If the child is around a group consistently, say in church or school, explain it to everyone at once, maybe.

BIG CAVEAT: RACISM

All of the above is said with the understanding that the questioner is not racist. If the questioner IS racist, then that person needs to be corrected firmly, and then the conversation must end. Part of modeling is also teaching how to stand up to racism.

WHERE IT COMES FROM

I'm a joker with a blog. I don't know anything. I know I'm in the minority, here. But I've had the experiences of being in public with my nieces. For the HIV thing, I've known people who've died of AIDS and I also know, as a close friend of our family, a man who has lived for 15 years with it, who went from full-blown AIDS, with dementia and the whole bit, to now being back to working a demanding job and being the dad to four kids. I also have a sister who's adopted, who has struggled with issues of identity her whole life.

From my sister, I've learned that a close bond and a happy childhood does not guarantee a happy adolescence or young adulthood. My parents are in primary education. My dad has a Masters and was on the verge of getting his Doctorate in childhood development. They did everything "right" -- as of the 70's and 80's. The two things they didn't do were to embrace the fact that she was half-Puerto Rican, and they did not help her own her story prior to being adopted. (She was adopted as a newborn). It was a closed adoption, but she did reunite with her birth mother(with sadly disappointing results). She, too, was allowed to tell her own story, to judge what she wanted to say... and she never wanted to talk about it. My parents thought that was proof of her attachment and proof of their good parenting, until she hit 16 and the world came crashing in. She's 30 now, and she has kids of her own, but I think she could've had a happier 16-27 if she didn't feel that there was a social stigma being a "drug baby". To our family, empowerment would've been teaching her from the first, not just that she was loved and wanted and "meant" for our family and "chosen", but that her mother was a junkie -- and that does not define her. That last bit, that her "story" doesn't define her, that, although it is a fact, it is only one of a million, and will not be her summing up -- that was never modeled for her. She was the guardian of her "story" and it quietly tore her apart under all of our noses.

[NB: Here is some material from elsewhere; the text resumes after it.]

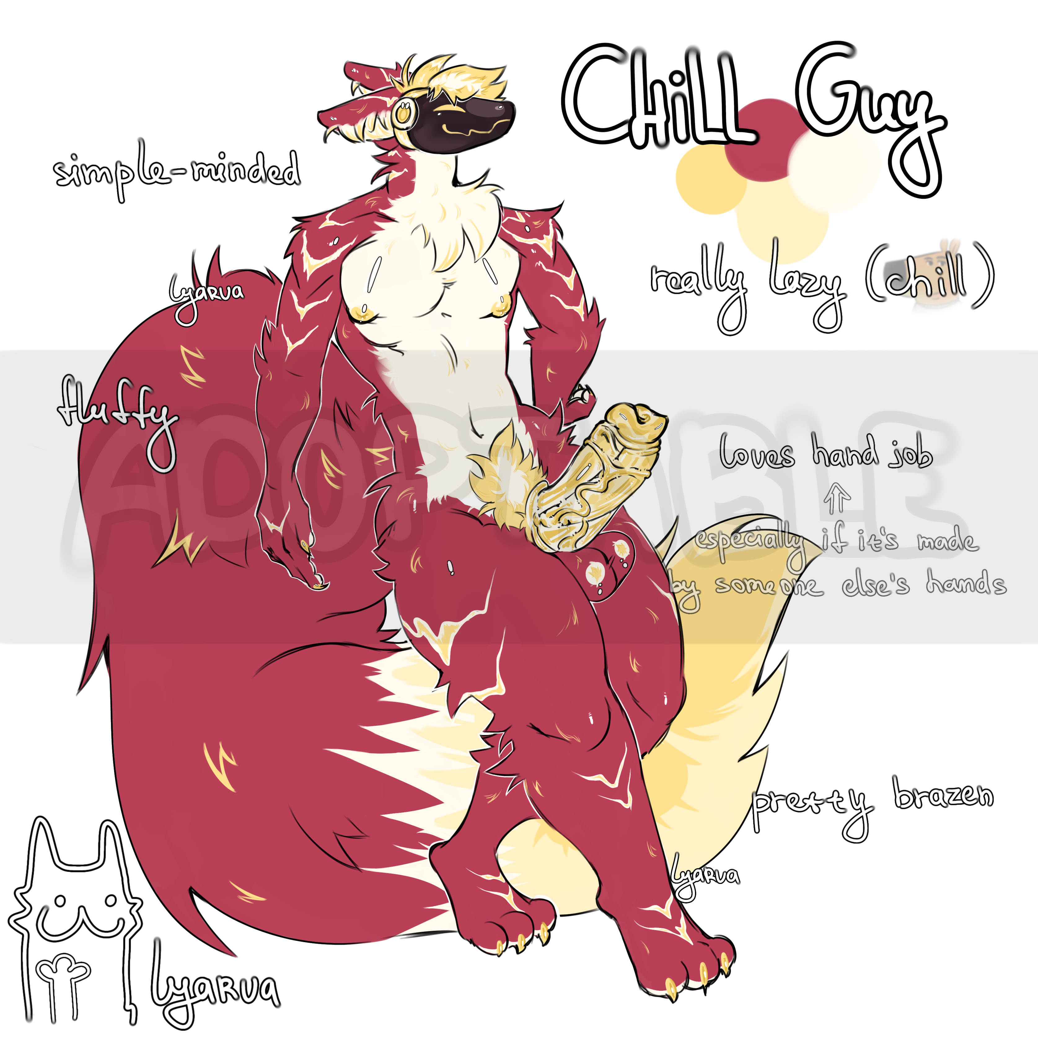 A pretty simple guy who actually doesn't mind spending the evening watching TV with popcorn. Or just play novels to forget about what is happening in the world and your life. He is not a fan of exertion and does not easily acquire motivation, because it is more likely for him to simply jerk off at the end of the evening, exhale and fall asleep right on the couch. Oh, he's really lazy and self-sufficient. Even impudent, partially. And he may really be likable to others, but he's, you know, a "lazy genius" who doesn't achieve anything. And they just don't know about the size and thickness of his penis. But nevertheless, he is a very good friend, with whom you can safely have a couple of glasses of beer at the bar. [you can completely change the information about it upon purchase] ✦SB : 15 $ ✦Min : 1 $ ✦AB : 100 $ - mastering all the privileges ✦ make a version with any genitals to suit your taste > 40 $ ✦ render and shadows > 60 $ ✦ design changes > 80 $ ✦ ab - 100 $ other: ✦payment Hipolink (via PayPal) and PayPal ✦you will receive the image as a file by mail or telegram without labels, but with my nickname as the artist ✦you also get images on a transparent background ✦payment is made within 48 hours, and then the auction will be restarted (but if you need a delay, we can negotiate) ✦no refunds ✦to indicate as an artist - there are no other rules ✦reviews: https://loot.commishes.com/testimonial/on/lyarva/ ✦where else can you see the content from me:✦ https://ych.commishes.com/user/lyarva/ https://ych.art/user/lyarva https://www.deviantart.com/lyarva0 https://t.me/sosic02 https://boosty.to/assgard https://www.furaffinity.net/user/lyarva/ 💐good luck to you💐

For these reasons, I feel the child's story should NOT be arbitrarily held back, and then dumped on a 10 year old (or whatever the age), passing the buck of the responsibility, the weight of that story to the child.

The child should grow up knowing that difficult truths can be de-fanged, made commonplace, to the point where the situation of their birth and adoption are normalized -- not a "story" placed in their lap like a gift or a curse, but just common facts -- with their TRUE "life story" -- the story of how their lives turn out -- yet to be written.

I'd love everyone's input on this. Once again, I'm just trying to sort all this out, myself. I greatly appreciate everyone who stops by and I welcome a very healthy discourse!

11 comments:

jayme said...

In your post, regarding your sister, you said:

“To our family, empowerment would've been teaching her from the first, not just that she was loved and wanted and "meant" for our family and "chosen", but that her mother was a junkie -- and that does not define her.”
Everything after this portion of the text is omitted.